By Mark McConaghy
Modern Chinese Literature and Culture, vol. 32, no.1 (Spring 2020), pp. 138-193
This essay examines the journal Folksong Weekly (歌謠週刊, 1922-1925), the publishing organ of the Folklore Research Society (歌謠研究會), an intellectual group active in the early 1920s at Beijing University that was dedicated to collecting, printing, and discussing folksongs from across China. Geyao Zhoukan generated contributions from some of the leading intellectuals of the day, including Zhou Zuoren, Liu Bannong, Gu Jiegang, Hu Shi, and Lin Yutang. Such intellectuals were drawn to folklore study out of a sense of China’s belatedness in relation to the global system of national culture: nations such as Japan and Britain were understood to have extensive folklore movements in which the authentic “voice” of the people were found in songs, which could be textually reproduced for national and global consumption. Early contributors to the journal found it imperative that China’s popular oral traditions receive similar ethnographic attention, seeking to record the songs of those whom they referred to as the “textless masses” (不文的民眾)—formally illiterate subjects who were still deeply versed in popular oral forms.

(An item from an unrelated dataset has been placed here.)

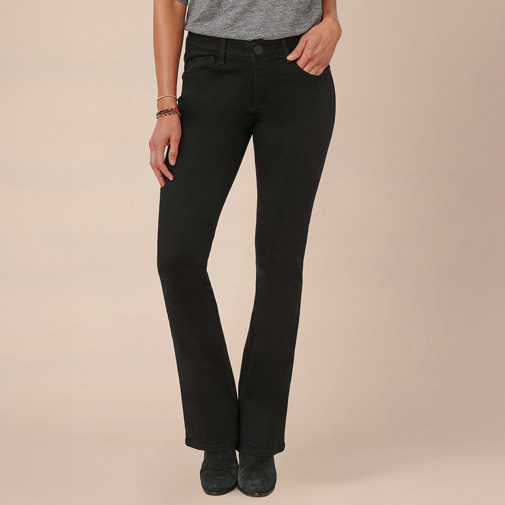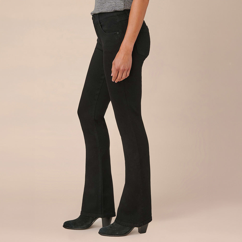 The petite Itty Bitty Bootcut jean is fitted from the hips to calves, with a baby bootcut leg opening that creates a lengthening effect. Crafted from premium stretch black denim and engineered with "Ab"solution® fit technology to smooth, support, and enhance your shape—giving you everything from a flatter tummy to a perkier rear view.
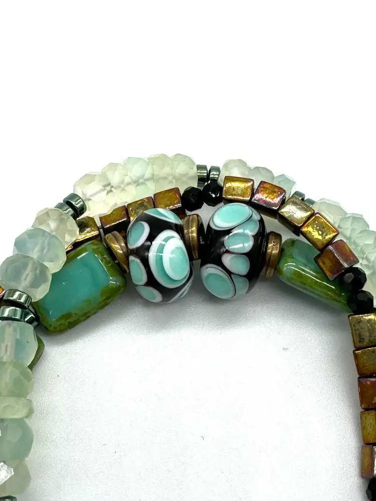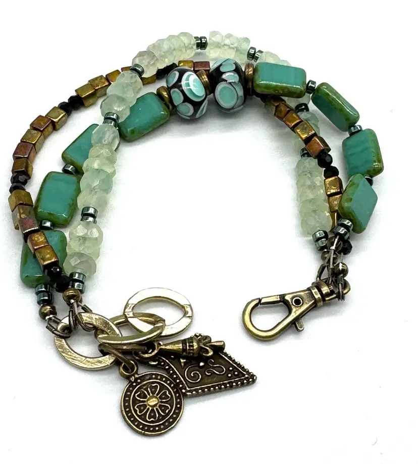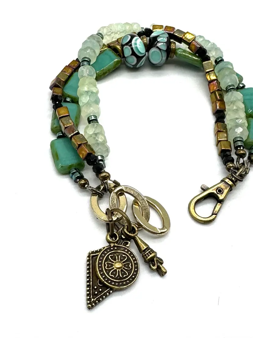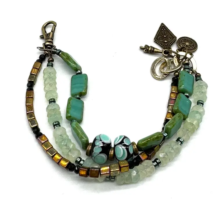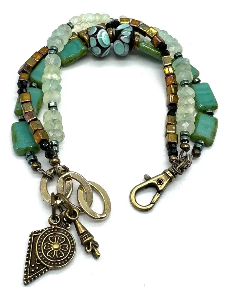 Hand made by me in my Seattle studio, this amazing bracelet is sure to get you noticed. Natural Chalcedony beads combined with Czech glass beads, this bracelet will fit 6.5” 7.25” up to 8” there are three different loops For the clasp. The charms dangling from the bracelet are an antique bronze in color.

Yet Chinese folklorists soon discovered that the songs sung across the continent-sized land mass of the old Qing imperium were profoundly multi-lingual, generating extensive debate among folklorists regarding dialect notation, taxonomic classification, and the role of the folklorist within the transcription process. Folksongs were also grounded in the temporal rhythms of the old lunar calendar, presenting a decidedly non-secular understanding of humanity’s relationship to the natural world. As such, the songs were too heterogeneous to fit into any concept of culture defined in secular and linguistically singular terms. What the folklorists discovered when they went looking for the “voice” of the people was a web of sonic, textual, and visual media that stretched across imperial time and not just regional but, indeed, global space, challenging the conceptual and linguistic tools they had to record it. However, in contrast to folklore work of the revolutionary 1930s and beyond, May Fourth folklorists were adamant that folk culture be treated not as raw material for political propaganda, but studied as a complex cultural system in its own right. This open attitude to folklore work thus enabled the journal to become a site for not simply vigorous methodological debate regarding folklore techniques, but probing inquiries into the nature of pre-revolutionary Chinese popular culture, and indeed what “literacy” meant within this Sino-cultural order.